Since many CPU architectures ultimately access these peripherals via an
internal virtual memory mapping, the portable ordering guarantees
provided by inX() and outX() are the same as those provided by readX()
and writeX() respectively when accessing a mapping with the default I/O
attributes.
Device drivers may expect outX() to emit a non-posted write transaction
that waits for a completion response from the I/O peripheral before
returning. This is not guaranteed by all architectures and is therefore
not part of the portable ordering semantics.
(*) insX(), outsX():
As above, the insX() and outsX() accessors provide the same ordering
guarantees as readsX() and writesX() respectively when accessing a
mapping with the default I/O attributes.
(*) ioreadX(), iowriteX():
These will perform appropriately for the type of access they're actually
doing, be it inX()/outX() or readX()/writeX().
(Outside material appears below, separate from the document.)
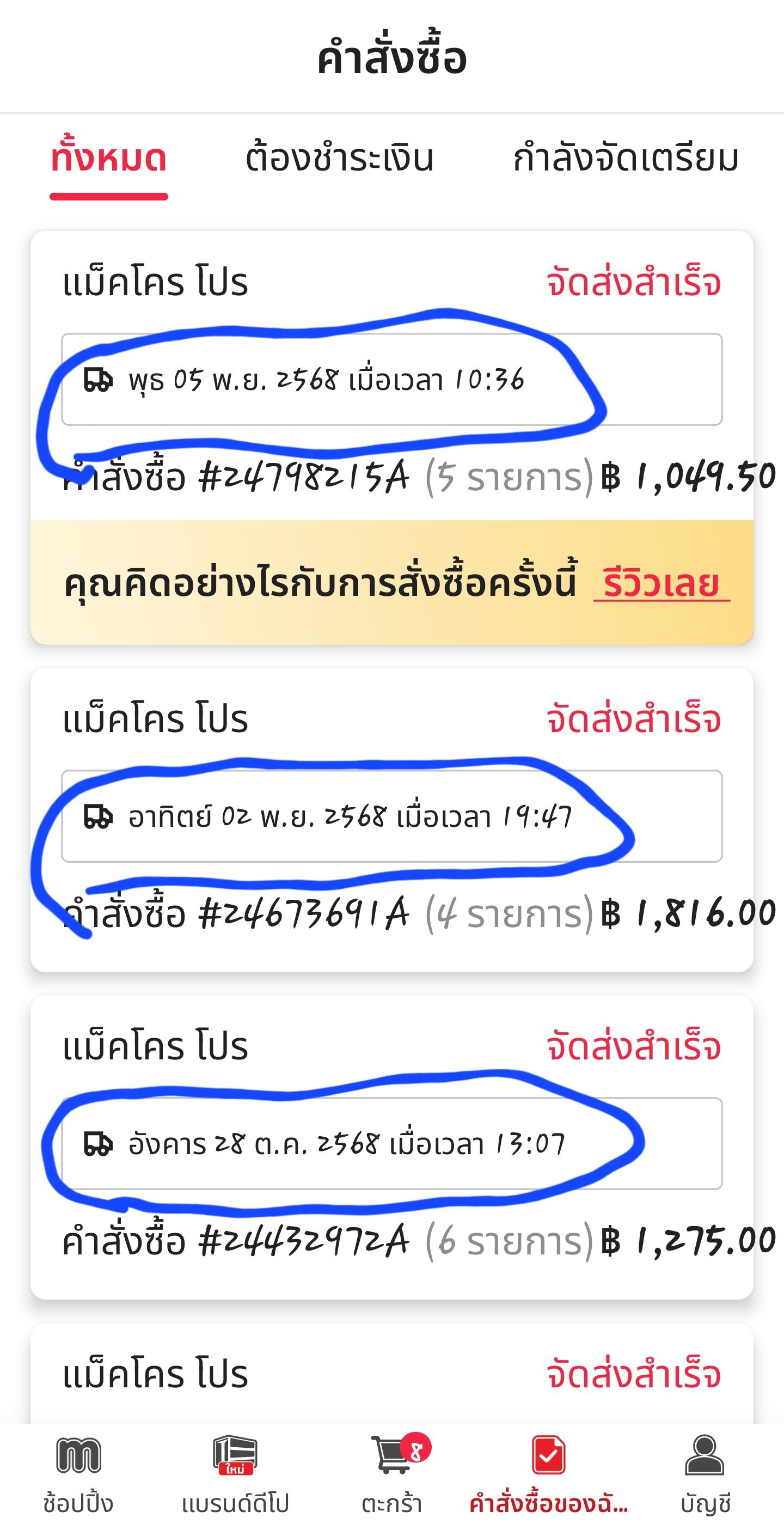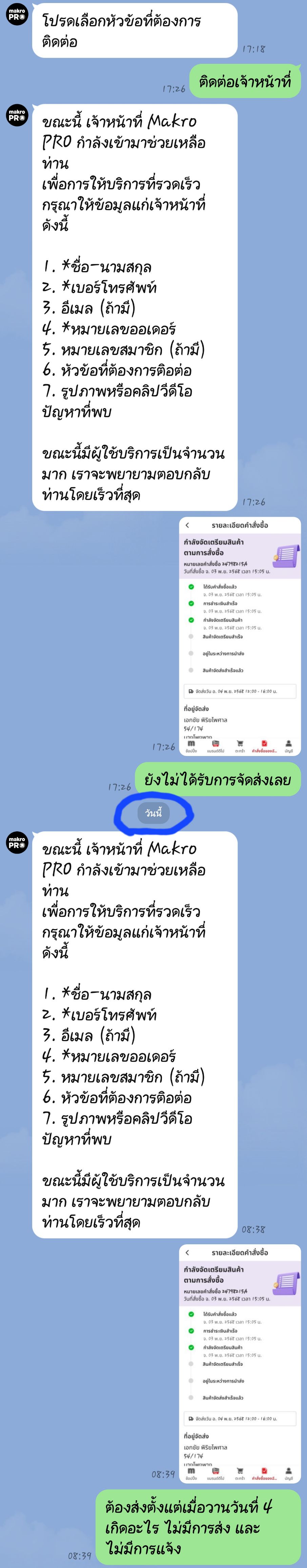 - คำสั่งซื้อวันที่ 3 พ.ย. และต้องจัดส่งวันที่ 4 พ.ย. ถึงเวลานัดส่งก็ไม่มีการจัดส่ง เลยแชทถามในไลน์ เหมือนเดิมทุกครั้ง คือไม่ตอบ หรือ ไม่ก็ตอบข้ามไปอีกวัน เลยคิดว่าคงจัดส่งถึงช่วงดึก จนวันที่ 5 แย่เข้าไปอีก ไม่มีการจัดส่ง และ ไม่มีการโทรแจ้งเลย ไลน์ก็ไม่ตอบ โทรเข้าศูนย์ 10 นาที ก็สายไม่ว่าง ผมว่าบริษัทใหญ่โต แต่ไม่มีมาตราฐานในการบริการเลย เวลาเกิดปัญหาพนักงานแมคโครก็ไม่มีการโทรแจ้งใดๆ ทุกครั้งจะเป็นพนักงานขนส่งแจ้ง กลายเป็นภาระของลูกค้าที่ต้องติดตามสินค้าเอง บริการแย่แบบนี้ ปิดชั่วคราวไปดูว่าเกิดจากระบบ หรือ ระบบขนส่งไม่พอ (ได้ยินจากพนักงานขนส่งมาว่า กดราคาจนไม่คุ้ม)

With the exception of the string accessors (insX(), outsX(), readsX() and
writesX()), all of the above assume that the underlying peripheral is
little-endian and will therefore perform byte-swapping operations on big-endian
architectures.
========================================
ASSUMED MINIMUM EXECUTION ORDERING MODEL
========================================
It has to be assumed that the conceptual CPU is weakly-ordered but that it will
maintain the appearance of program causality with respect to itself. Some CPUs
(such as i386 or x86_64) are more constrained than others (such as powerpc or
frv), and so the most relaxed case (namely DEC Alpha) must be assumed outside
of arch-specific code.
This means that it must be considered that the CPU will execute its instruction
stream in any order it feels like - or even in parallel - provided that if an
instruction in the stream depends on an earlier instruction, then that
earlier instruction must be sufficiently complete[*] before the later
instruction may proceed; in other words: provided that the appearance of
causality is maintained.
[*] Some instructions have more than one effect - such as changing the
condition codes, changing registers or changing memory - and different
instructions may depend on different effects.
A CPU may also discard any instruction sequence that winds up having no
ultimate effect. For example, if two adjacent instructions both load an
immediate value into the same register, the first may be discarded.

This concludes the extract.